Prof Mark Steedman Seminar

Prof Mark Steedman Seminar

Date: Monday, 30th July 2018, 11.00am - 12noon
Venue: The Australian Hearing Hub, Level 3, Room 3.610, Macquarie University
Speaker: Professor Mark Steedman, School of Informatics, The University of Edinburgh
Host: Professor Mark Johnson
Topic: A formal universal of natural language grammar


Abstract  
Formal universals are generalizations across natural language grammars that  stem from the theory of grammar itself, and concern phenomena that the theory can and cannot in principle express. The present paper  concerns the phenomenon of word-order variation, where the same grammatical categories can occur  in different orders or permutations, either across or within languages. The question is,  which permutations  of a set of N grammatical elements are allowed in natural grammars? The question has been extensively  studied by Cinque and others in the case of the noun phrase consisting of four elements Demonstrative Numerator Adjective Noun, as in English "These five young lads".

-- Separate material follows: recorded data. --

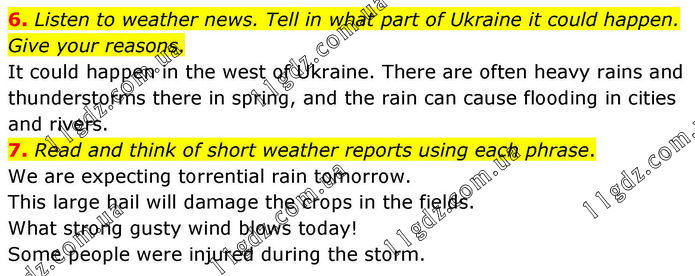 6. Listen to weather news. Tell in what part of Ukraine it could happen. Give your reasons. It could happen in the west of Ukraine. There are often heavy rains and thunderstorms there in spring, and the rain can cause flooding in cities and rivers. 7. Read and think of short weather reports using each phrase. We are expecting torrential rain tomorrow. This large hail will damage the crops in the fields. What strong gusty wind blows today! Some people were injured during the storm.
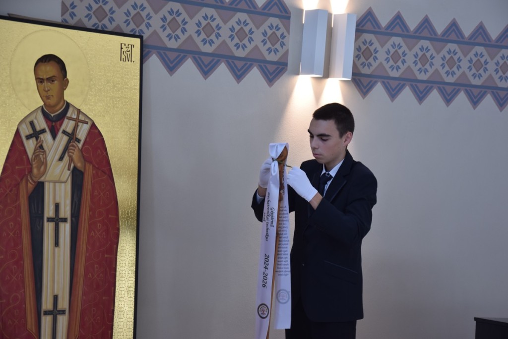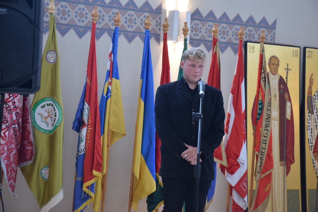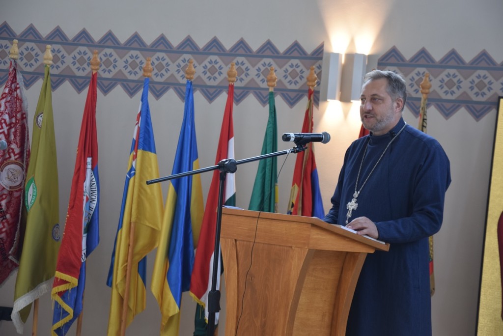 Az esemény Kárpátalja történelmi zászlóinak felvonultatásával kezdődött, melyeket népi viseletbe öltözött hallgatók vittek be. Ezt követően Marosi István görögkatolikus parókus, az Ortutay Elemér Görögkatolikus Szakkollégium vezetője köszöntötte a résztvevőket.
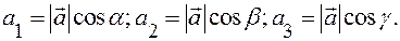 Из равенств (4) следует, что каждая координата вектора равна произведению его модуля на соответствующий направляющий косинус (в ортонормированном базисе).
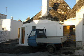 ●アルベロベッロでは大雨の中をオリーブ工場を見学 アルベロベッロへ到着したがそとはものすごい雨。この町も観光用として新しく建てられた町と昔ながら今でも住居として使用している古い町とに分かれている。新しい町の方は、主にお土産屋さんになっているので生活感というのが感じられない。雨の中を散策するが、洋服はびしょびしょ。ガイドさんの案内で古い町に残るオリーブ当時の工場を見学した。工場といってもとんがり屋根の家の中にり、道具は手作りで人力によるオリーブ搾り作業場みたいだ。この日は早めに引き上げてホテルへ避難。翌朝、一転して雲ひとつない晴天。 朝食前にもう一度町を歩くことにした。ホテルから10分くらいでアルベロベッロの町へ出る。 雨上がりの町は空気もクリアで、昨日とはうって変わった景色が見られた。細り路地、とんがり屋根が続く家々。軒下には洗濯物が干してあり、生活感がただよってくる。
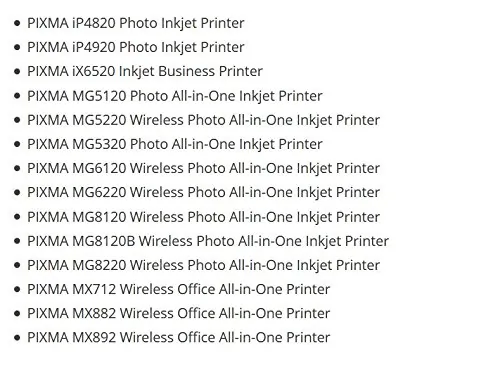 0, MX882, IX6520, IP4920, MG5320, MG6220, MG8220, MX892

The present paper proposes that the permissible permutations are exactly the Separable Permutations, whose number grows as the Large Schroeder Number in N. The paper examines in detail the evidence from the NP construction in support of the hypothesis, and shows  that a high degree of confidence can be assigned to its correctness. It also shows  that some well-known cases of permutation among serial verb orders are also confined to separable  permutations, and have similarly parsimonious analyses in CCG.

The paper concludes by briefly discussing some computational implications for natural language processing. The Large Schroeder Number grows much more slowly in N than  N!, the number of all permutations. Search spaces for tasks like alignment in machine translation are correspondingly reduced.

Bio
Mark Steedman is Professor of Cognitive Science in the School of Informatics, The University of Edinburgh, working in Computational Linguistics, Artificial Intelligence, and Cognitive Science, on Generation of Meaningful Intonation for Speech by Artificial Agents, The Communicative Use of Gesture, Tense and Aspect, and Wide coverage parsing and robust semantics for Combinatory Categorial Grammar (CCG). He is also interested in Computational Musical Analysis and Combinatory Logic.